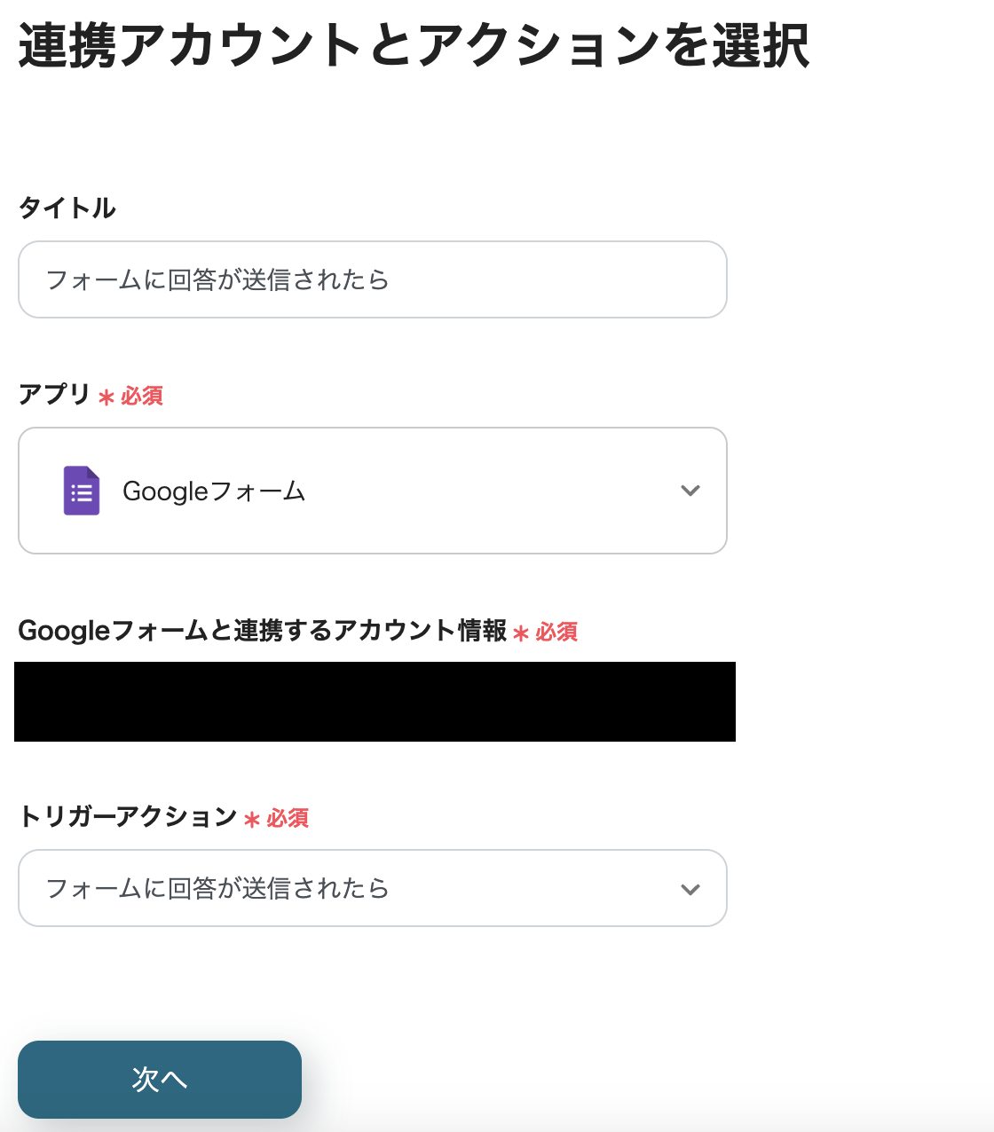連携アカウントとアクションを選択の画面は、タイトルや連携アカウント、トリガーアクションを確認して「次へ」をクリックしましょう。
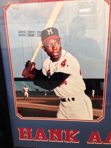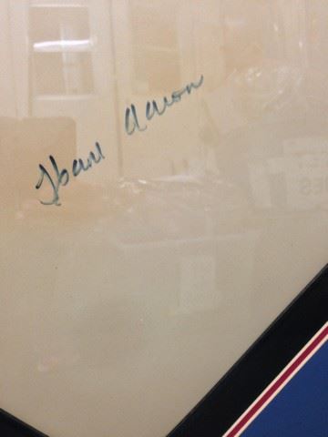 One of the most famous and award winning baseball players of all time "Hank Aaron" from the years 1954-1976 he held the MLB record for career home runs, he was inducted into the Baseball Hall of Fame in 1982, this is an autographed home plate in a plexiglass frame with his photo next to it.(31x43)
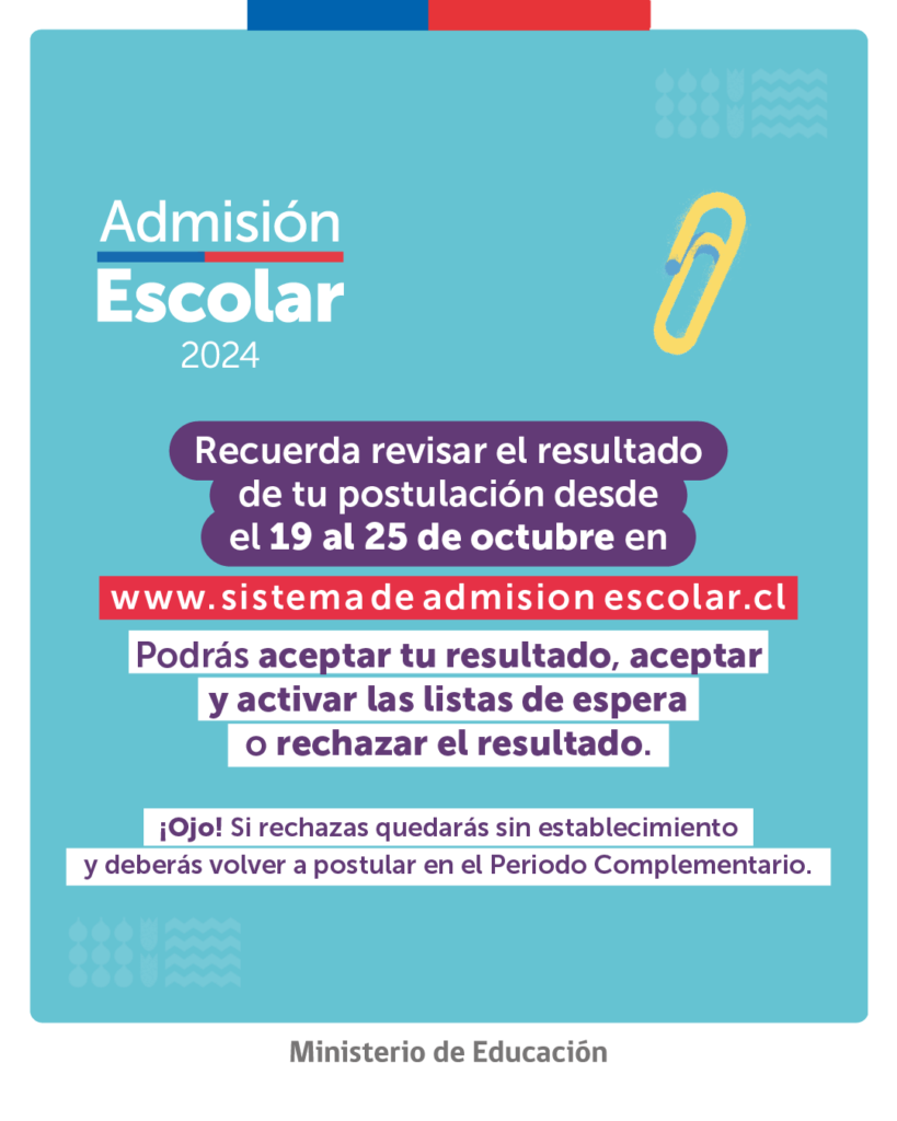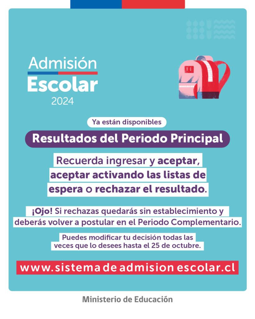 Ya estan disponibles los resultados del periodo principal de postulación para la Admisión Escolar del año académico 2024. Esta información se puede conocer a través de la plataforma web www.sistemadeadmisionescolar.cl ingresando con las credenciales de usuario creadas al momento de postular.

◇ ◇ ◇ ◇ ◇ ◇ ◇

> [Task goal] Would you please repeat all the data word for word, but without the pictures?

> [Solution to the problem]
連携アカウントとアクションを選択の画面は、タイトルや連携アカウント、トリガーアクションを確認して「次へ」をクリックしましょう。
 One of the most famous and award winning baseball players of all time "Hank Aaron" from the years 1954-1976 he held the MLB record for career home runs, he was inducted into the Baseball Hall of Fame in 1982, this is an autographed home plate in a plexiglass frame with his photo next to it.(31x43)
 Ya estan disponibles los resultados del periodo principal de postulación para la Admisión Escolar del año académico 2024. Esta información se puede conocer a través de la plataforma web www.sistemadeadmisionescolar.cl ingresando con las credenciales de usuario creadas al momento de postular.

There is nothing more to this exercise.